Task to carry out: Take the whole listing and reproduce it exactly, pictures excepted.

Recorded data:
┌────────

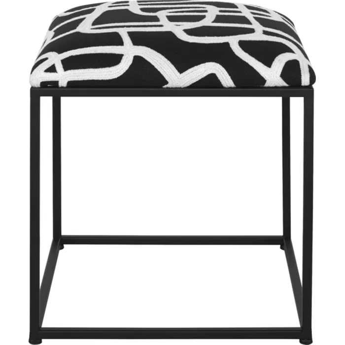 - Sophisticated With A Touch Of Whimsy, This Accent Stool Features A Cushioned Seat Upholstered In A Contemporary Black And White Embroidered Fabric, Atop A Matte Black Iron Base. Doubles As Added Seating Or A Footrest.
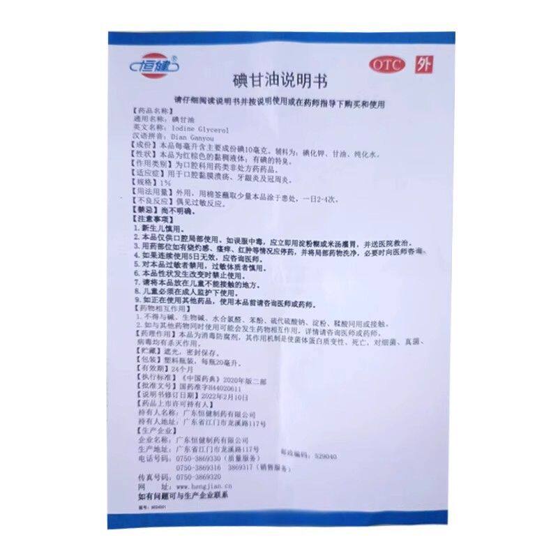 恒健碘甘油20ml皮肤病用药正品口腔黏膜溃疡牙龈炎及冠周炎 - 粤药华医药专营店
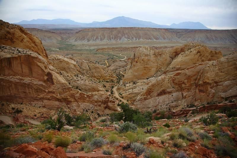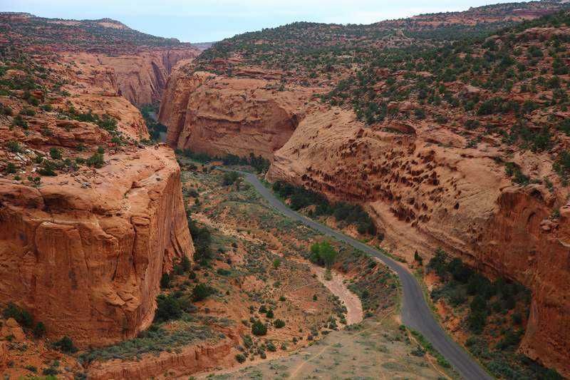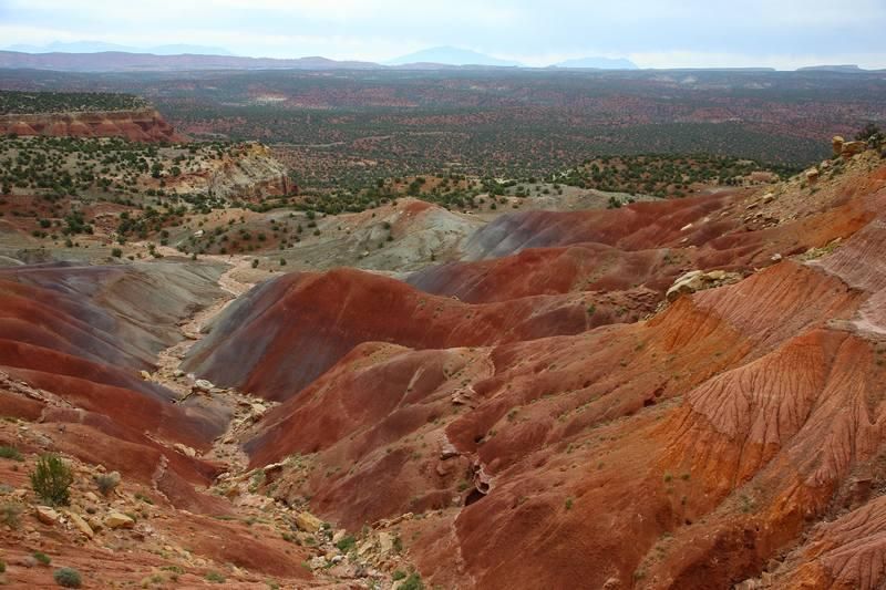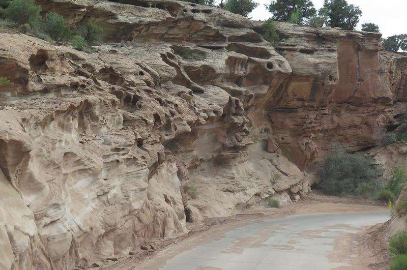 Nos amis nous rejoignent et nous partons tout de suite sur la "Burr Trail Road" qui est goudronnée sur une bonne partie, nombreux stops photos mais sans soleil nous ne sommes pas emballés. Nous rejoignons très vite la "Bulfrog Road et la remontons toujours sous un ciel d'orage et très chargé, là aussi nombreux stops photos mais toujours aussi peu motivé par la lumière très sombre.
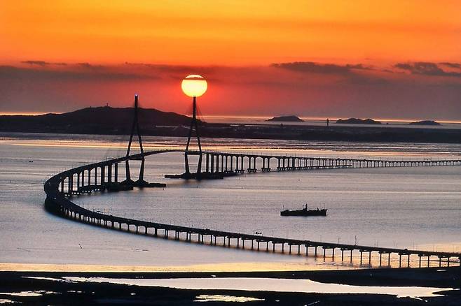 대한민국에서 가장 긴 교량 중 하나인 인천대교, 바다 위로 곧게 뻗은 아름다운 사장교 구조가 시선을 강탈합니다. 밤에는 은은한 빛으로 꾸며진 인천대교 야경은 인천을 대표하는 장면이 되지만, 햇살이 처음으로 케이블을 비추는 순간이야말로 이 다리가 가진 구조적 아름다움이 가장 잘 드러나는 시간입니다.

└────────

Answer to this exercise:
 - Sophisticated With A Touch Of Whimsy, This Accent Stool Features A Cushioned Seat Upholstered In A Contemporary Black And White Embroidered Fabric, Atop A Matte Black Iron Base. Doubles As Added Seating Or A Footrest.
 恒健碘甘油20ml皮肤病用药正品口腔黏膜溃疡牙龈炎及冠周炎 - 粤药华医药专营店
 Nos amis nous rejoignent et nous partons tout de suite sur la "Burr Trail Road" qui est goudronnée sur une bonne partie, nombreux stops photos mais sans soleil nous ne sommes pas emballés. Nous rejoignons très vite la "Bulfrog Road et la remontons toujours sous un ciel d'orage et très chargé, là aussi nombreux stops photos mais toujours aussi peu motivé par la lumière très sombre.
 대한민국에서 가장 긴 교량 중 하나인 인천대교, 바다 위로 곧게 뻗은 아름다운 사장교 구조가 시선을 강탈합니다. 밤에는 은은한 빛으로 꾸며진 인천대교 야경은 인천을 대표하는 장면이 되지만, 햇살이 처음으로 케이블을 비추는 순간이야말로 이 다리가 가진 구조적 아름다움이 가장 잘 드러나는 시간입니다.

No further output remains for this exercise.